After the diving we headed round to the other side to take a look at the rainforest and some of the waterfalls round that way. The best of the waterfalls was a 4.5 km hike and a short swim away from the village we were staying in so it was a proper mission to get out there! It wasn’t that big (maybe 20m high) with a smaller fall right next to it but the location was awesome. We figured it’d be kinda cool to jump off it so being the idjuts that we are we figured we’d just climb through the jungle, skirt the cliffs and hop off. Um. Well. Rainforest and all. We got bitten and stung by every little critter with a mouth or a tail but we soldiered on and eventually we emerged about an hour later by the smaller of the falls. Encouraged by this we figured that getting up to the high one’d be a doddle. Another hour passed and we emerged back at the lower falls again with added cuts, scrapes, bruises and stings. Doh! We gave up after that and just jumped from where we were… Still very cool but we felt a touch foolish and we did get laughed at by the locals when we told them.

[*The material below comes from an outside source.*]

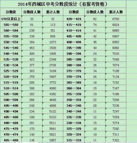 2014北京中考成绩已公布,考生可登录北京教育考试院或本区县中招办网站。下图为2014北京西城区中考各分数段人数,其中500分以上的同学为4648人。若同学或家长对北京国际高中感兴趣可电话咨询育路专业的择校顾问老师:010-51295864 13261310974,咨询老师会为您私人定制最适合的院校。

We’d been advised to take some Kava (traditional Fijian drink that tastes very much like dirty dish-water but on the bright side it’s a mild narcotic) for the village chief since we’d be staying on his turf. We got invited to go drink the Kava with him so we spent most of that night drinking this Kava and chatting to a real-life chief while him, his brother and his son chain-smoked ‘Fiji tobacco’ joints (the marijuana industry here is bigger than the sugar industry apparently!) while they lectured us on Fijian politics. Proper Indiana Jones stuff.

Right, we’ve gotta go catch a bus to the ferry to Ovalau (the old colonial capital) but I guess I’ll catch you all pretty soon…

Easy

Mike (still the whitest white-boy in town)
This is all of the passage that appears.